Corporate credit outlook may be positive in Apr-sep FY25
Credit profiles for Indian companies continued to improve in FY2024, and the outlook for FY2025 remains positive, benefiting from higher domestic demand, low corporate debt and tailwinds from the ongoing infrastructure build, rating agencies said on Monday in their annual review of the just-concluded fiscal.
During FY2024, Crisil Ratings made 409 rating upgrades and 228 downgrades. Sectors gaining from strong domestic consumption and government spending dominated the upgrades. These included infrastructure-linked sectors, construction, renewable power and road assets.
However, some export-linked sectors, such as textiles and seafood, saw a higher downgrade rate due to subdued global demand or escalating costs that impacted profitability.
“The upgrade rate dipped a marginal about 70 basis points to 12% compared with the first half,” Crisil Ratings said.
“The downgrade rate, at 6.7%, remains closer to the 10-year average.

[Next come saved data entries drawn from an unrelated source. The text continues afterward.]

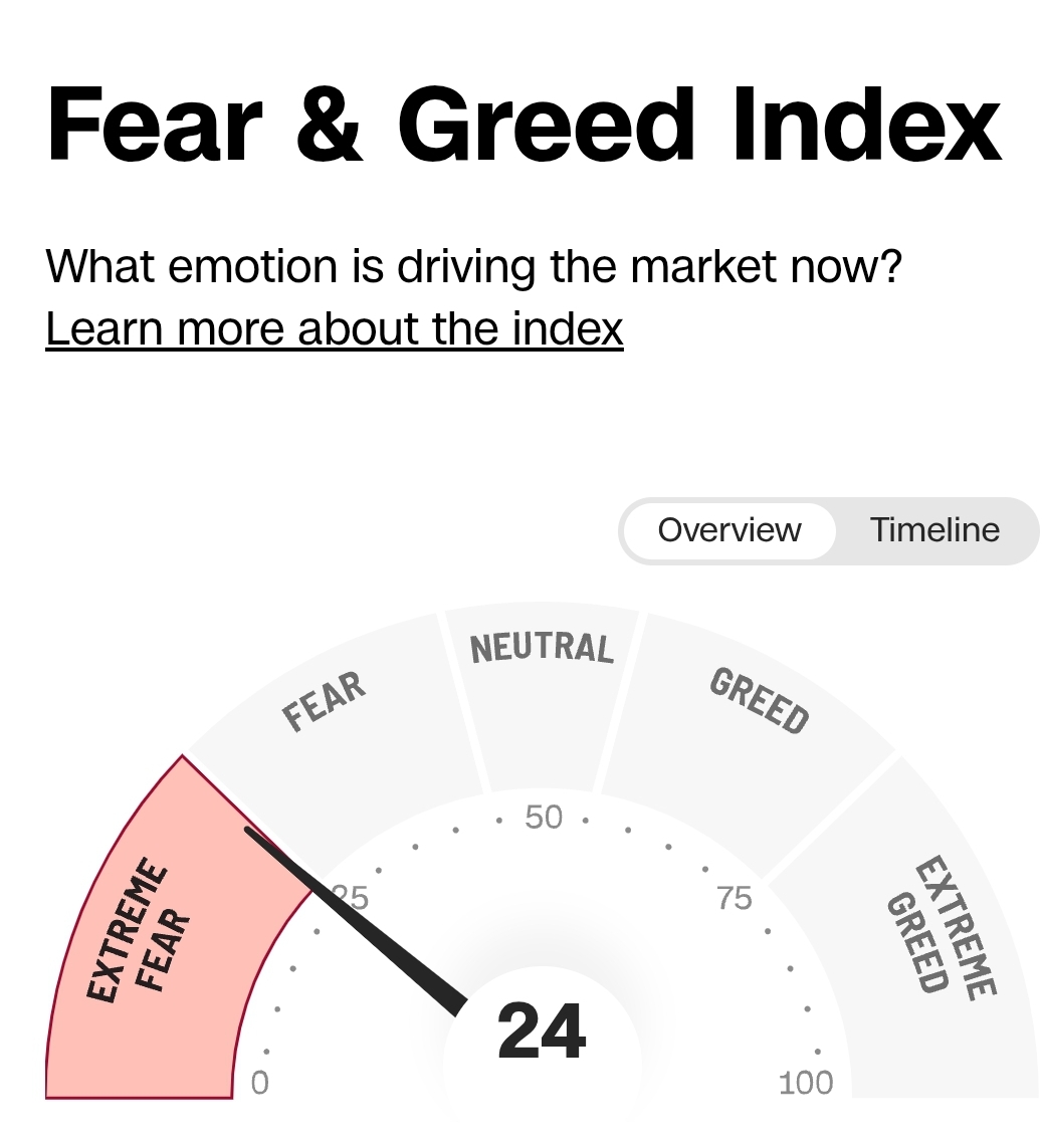시장 심리는 급격히 위험 회피로 전환되었고, CNN의 공포·탐욕 지수는 다시 "극단적 공포" 영역으로 떨어져 4월 초 관세로 인한 매도세를 반영했다.
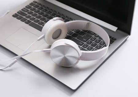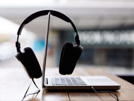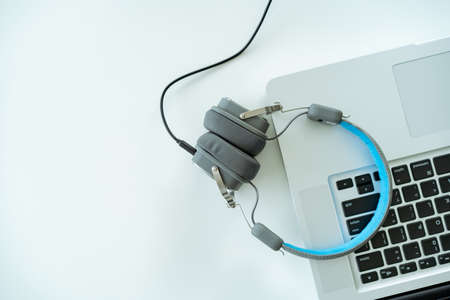 Modern wired headphone left on laptop computer with copyspace. Headphones on the personal notebook computer. Modern audio recording studio and online radio station. Audio live steaming equipment.
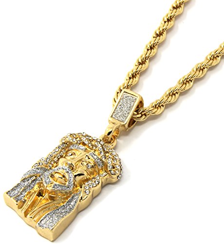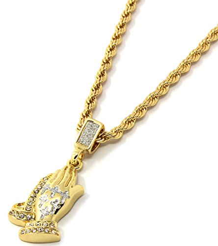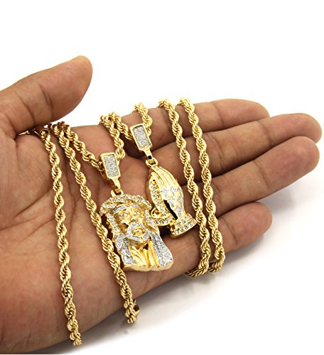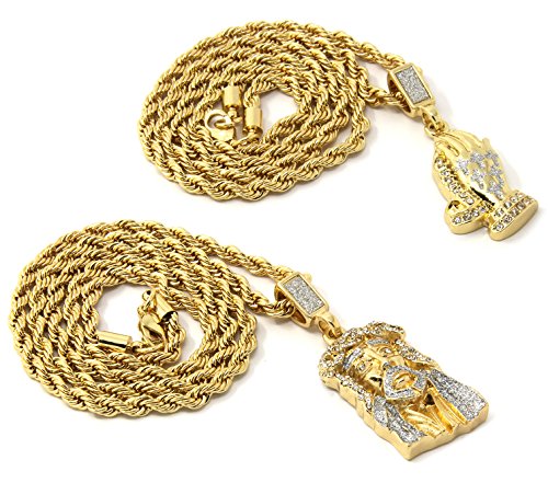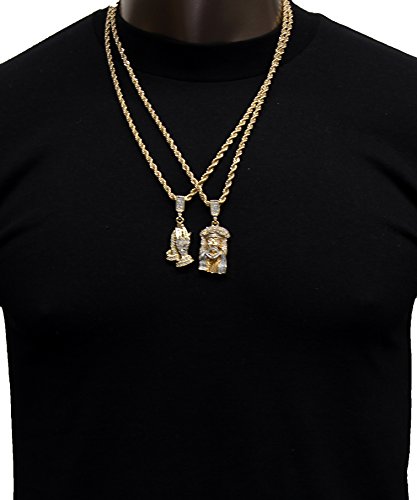 -. Binding : Jewelry -. Brand : Jewel Town -. Department : Mens -. Feature : Mens Crowned Jesus & Prayer Hands Pendant / Chain Length : 24" Inches Long x 4mm Thin / Made From Fine Brass Metal & Plated With Gold Tone Plating / You Will Receive One Chain & One Pendant As A Set (As Seen On Image) / Sold & Shipped By Jewel Town -. Label : Jewel Town -. Manufacturer : Jewel Town -. Model : D421 -. MPN : D421 -. PartNumber : D421 -. ProductGroup : Jewelry -. ProductTypeName : FASHIONNECKLACEBRACELETANKLET -. Publisher : Jewel Town -. Studio : Jewel Town -. Title : Mens Gold Two Piece Jesus & Prayer Hand Set Pendant Hip Hop 24" Rope Chain D421

That said, the reaffirmation
rate remained steady at about 81%,” it added.
Crisil expects a positive credit quality outlook, with more upgrades than downgrades in the first half of FY25.

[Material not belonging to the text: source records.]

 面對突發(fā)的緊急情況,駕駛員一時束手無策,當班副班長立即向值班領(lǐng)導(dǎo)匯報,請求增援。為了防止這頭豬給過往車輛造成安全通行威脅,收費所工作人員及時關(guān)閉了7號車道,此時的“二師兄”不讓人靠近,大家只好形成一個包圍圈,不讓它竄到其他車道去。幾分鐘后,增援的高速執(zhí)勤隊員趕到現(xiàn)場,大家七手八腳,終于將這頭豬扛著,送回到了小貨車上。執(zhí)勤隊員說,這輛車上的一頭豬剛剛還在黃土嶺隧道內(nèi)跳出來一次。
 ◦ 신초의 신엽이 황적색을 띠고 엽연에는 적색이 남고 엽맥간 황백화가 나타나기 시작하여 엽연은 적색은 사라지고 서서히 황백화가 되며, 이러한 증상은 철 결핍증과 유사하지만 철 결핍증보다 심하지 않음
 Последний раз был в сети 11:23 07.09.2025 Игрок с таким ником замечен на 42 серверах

While the multiplier effect of government capex will continue to drive infrastructure and linked sectors, healthy balance sheets will continue to support the credit quality outlook, with capex funding seen as prudent, the rating agency added.
“With balance sheets in most sectors at their healthiest, capacity utilization around peak levels and expected interest rate cuts, a broad-based pick-up in private capex is finally in sight,” said Gurpreet Chhatwal, managing director at Crisil Ratings.
According to Crisil, as many as 21 of 26 corporate sectors have strong-to- favourable credit quality outlooks marked by robust balance sheets and healthy operating cash flows, during FY2025.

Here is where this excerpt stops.